6. IP Due Diligence: IP due diligence is focused on establishing what rights the company
may have in various intellectual property and where it might rely on the intellectual
property of another entity. Typical areas of interest are patent, copyright and trademark
filings; descriptions of the company’s IP protection processes; licensing agreements.
Process, Planning and execution:
Though conducting due diligence is not mandated by any law, it is rather a voluntary task
undertaken as a preventive measure. However, certain corporate actions like IPO needs the
company to attach a due diligence certificate signed by merchant banker as per the SEBI norms.
Lawyers are involved in legal due diligence whereas accountants and auditors are required to
conduct financial and tax due diligence. The professionals undertaking due diligence need to be
skilled and specialsied and should be capable to analyse the facts beyond mere checking of
records. Though there is no fixed method of conducting due diligence as every transaction is
different and so are its goals, the following are the general steps in a due diligence process:
Step 1: Hiring the experts: First and foremost, the entities to the proposed transaction must hire a
firm of experts (legal and financial experts) who shall be co-ordnatng and conducting due
diligence.
Step 2: Due Diligence checklist: The entity required to conduct a due diligence, will prepare a
check list which are basically the list of information and documents required by the entity to
conduct the diligence. This check list is sent to the Target Company.
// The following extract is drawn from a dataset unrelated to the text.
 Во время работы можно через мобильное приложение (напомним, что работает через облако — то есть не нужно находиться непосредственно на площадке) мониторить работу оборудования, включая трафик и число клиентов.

Step 3: Response to check list and Data room Preparation: Once the check-list is received by the
Target Company, the Target Company will collect the information from various departments
based upon the check list items and then collate them in one place in physical copies which is
called “Data Room”. Sometimes, in order to save cost and time, Target Company also prepares a
“virtual data room”, i.e. it will scan all the documents and upload them on a server which can be
accessed on-line by the entity performing the due diligence.
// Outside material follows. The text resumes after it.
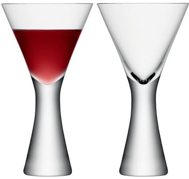 Un set de deux verres à vin de style contemporain avec des tiges en verre épaisses et solides et des bols fin évasés.

Types of data (examples): The information may be gathered from the external as well as internal
sources. Below is a general list of areas on which the questionnaire/ checklist is to be prepared:
• Corporate (regulatory and compliance) records
• Share capital break up and promoter’s holding
• commercial contracts
• history of litigation, pending litigations, a description of any threatened litigations
• Details of insurance
• Financials and leases.
• employee data
• IP contracts
• Union Contract, copies of collective bargaining agreements, description of all employees
problems within last five years including the alleged wrongful termination, harassment
discrimination, etc.
• Workman’s’ compensation claim history
• Major sales agreements
• Distribution channels
• Product Profile
• Tax matters
Step 4: Setting-up time frames: Along with allocation of responsibilities, the team members are
required to complete their piece of work in a specified time because the entire deal has to be
completed within the “exclusivity period” as per the executed Term sheet.
Step 5: Review and analysis: based on the information received and analysed, the due diligence
team prepares a due diligence report. This report contains the analysis of the data obtained, the
reviews and observations of the due diligence team regarding the data provided and analysed.
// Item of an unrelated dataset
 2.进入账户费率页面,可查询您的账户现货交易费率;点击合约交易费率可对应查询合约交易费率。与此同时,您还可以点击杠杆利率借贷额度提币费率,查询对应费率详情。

The due diligence report thus becomes a lengthy document containing a 360 degree review.
Step 6: Deciding on the deal: after due consultation with the professionals, the proposed enttes
decide on whether to go ahead with the deal or not. If they do decide to go ahead with the deal,
the due diligence report s used to draft the conditions precedent, representations and warranties
and special indemnities clauses in the definitive agreements.